Ada tiga model aktivitas kriminal yang dilakukan. Yaitu tindakan oleh satu orang, kerja sama dengan dua orang, dan aktivitas kejahatan yang melibatkan tiga orang atau lebih. Dan model ketigalah yang merepresentasikan aktivitas kriminal yang terorganisasi.

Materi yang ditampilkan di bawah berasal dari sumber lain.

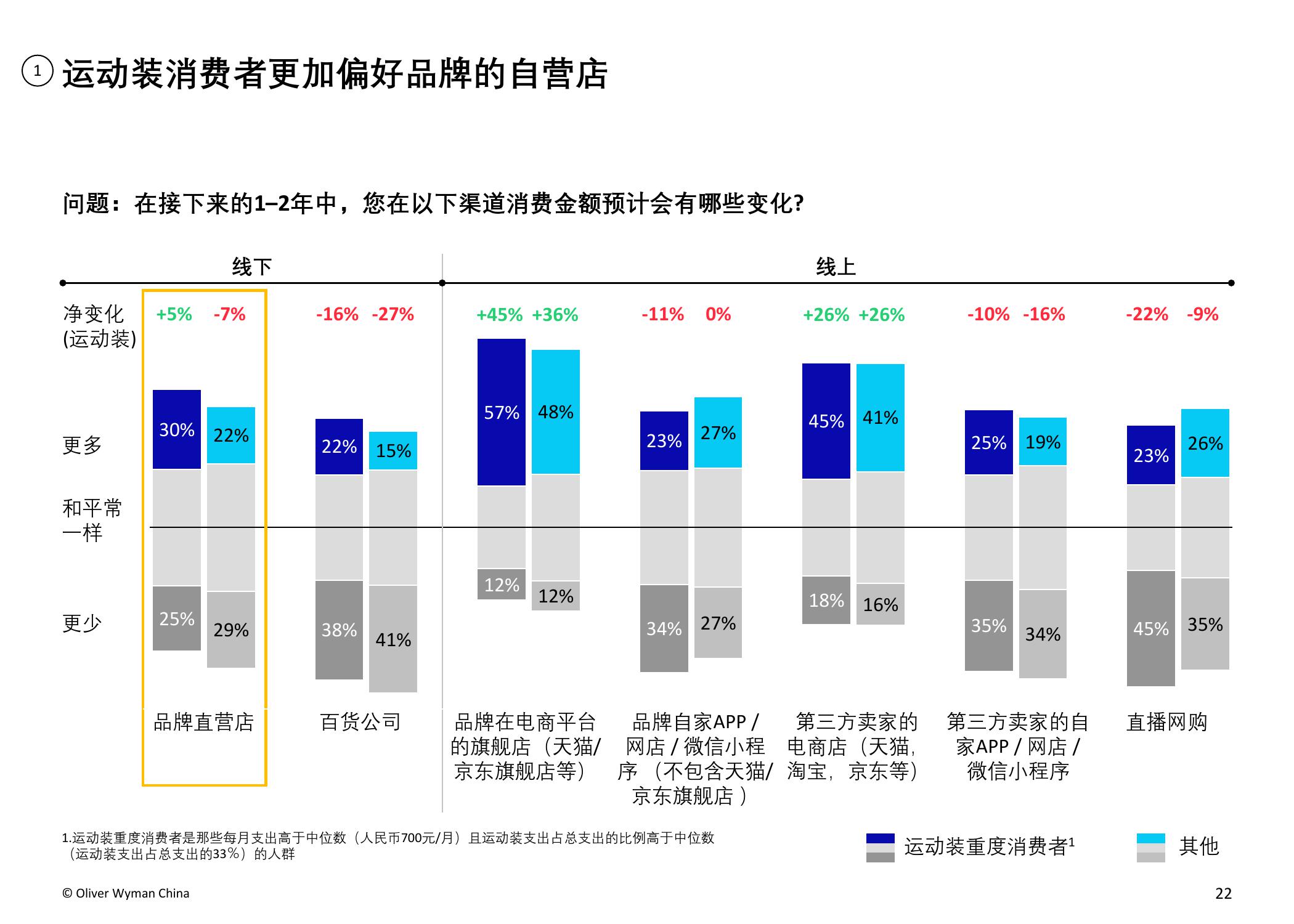 调研发现,运动服装品牌的实体门店较其余品类的服装品牌更受青睐。与普通消费者相比,运动服装爱好者表示,在未来一到两年内,他们更倾向于在品牌的实体店购物。

Dalam organisasi kriminal, kekuatan fisik dan jumlah anggota yang banyak merupakan salah satu power yang sangat kuat. Namun apakah dalam dunia cyber, kekuatan dan jumlah anggota juga merupakan power terkuat untuk organisasi? Untuk menjawab pertanyaan tersebut, digunakan sebuah ilustrasi berikut. Misalkan seorang hacker Rusia ingin mengambil keuntungan dengan menargetkan bisnisman asal amerika. Kekuatan yang digunakan yaitu bukanlah kekuatan fisik maupun penggabungan hacker-hacker untuk menerobos sistem keamanan keuangan bisnisman tersebut. 

Namun yang digunakan yaitu sistem dan teknologi yang canggih sehingga dapat membobol sistem keamanannya. Dalam dunia cyber, kekuatan fisik tidaklah signifikan. Upaya pembobolan tersebut bukanlah dengan upaya penggabungan berpuluh-puluh hacker. Tapi dengan menggunakan teknologi yang memungkinkan seseorang dapat mengotomatisasi serangan yang dilakukan untuk membobol sistem keamanan tersebut. Jadi dalam dunia cyber kekuatan terletak dalam software, bukan dalam jumlah individu.

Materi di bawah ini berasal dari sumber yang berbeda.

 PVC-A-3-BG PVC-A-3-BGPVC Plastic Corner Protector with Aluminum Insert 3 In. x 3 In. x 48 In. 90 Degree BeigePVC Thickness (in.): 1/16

Tidak pentingnya jumlah hacker yang dibutuhkan untuk melakukan kejahatan di dunia cyber menunjukkan bahwa alasan dasar pengembangan struktur geng pada organisasi kriminal akan menjadi sangat lemah. Dengan kata lain karena penjahat cyber dapat melakukan usahanya sendiri, maka bagi mereka tidak perlu bergabung untuk melakukan kejahatan tersebut.

Dalam struktur geng kejahatan atau kelompok kejahatan, pemimpin geng dapat langsung memantau dan mengawasi kegiatan geng nya. Pemantauan dan pengawasan seperti ini dapat memadai jika wilayah territorial kecil. Namun ketika daerah cakupan menjadi lebih besar model geng ini tidak lagi memadai. Pemimpin tidak akan mampu memantau dan mengawasi secara langsung anggotanya. 

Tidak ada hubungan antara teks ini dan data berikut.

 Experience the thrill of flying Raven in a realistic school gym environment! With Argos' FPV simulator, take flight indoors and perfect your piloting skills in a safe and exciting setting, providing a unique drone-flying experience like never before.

Kemudian model ini berkembang menjadi struktur mafia yang lebih modern, dimana untuk menyelesaikan masalah tersebut, maka dibentuk beberapa tingkatan kepemimpinan dan mendelegasikan wewenang untuk setiap tingkatan. Organisasi menjadi hirarkis dan pengawasan dilakukan berdasarkan urutan kepemimpinan. 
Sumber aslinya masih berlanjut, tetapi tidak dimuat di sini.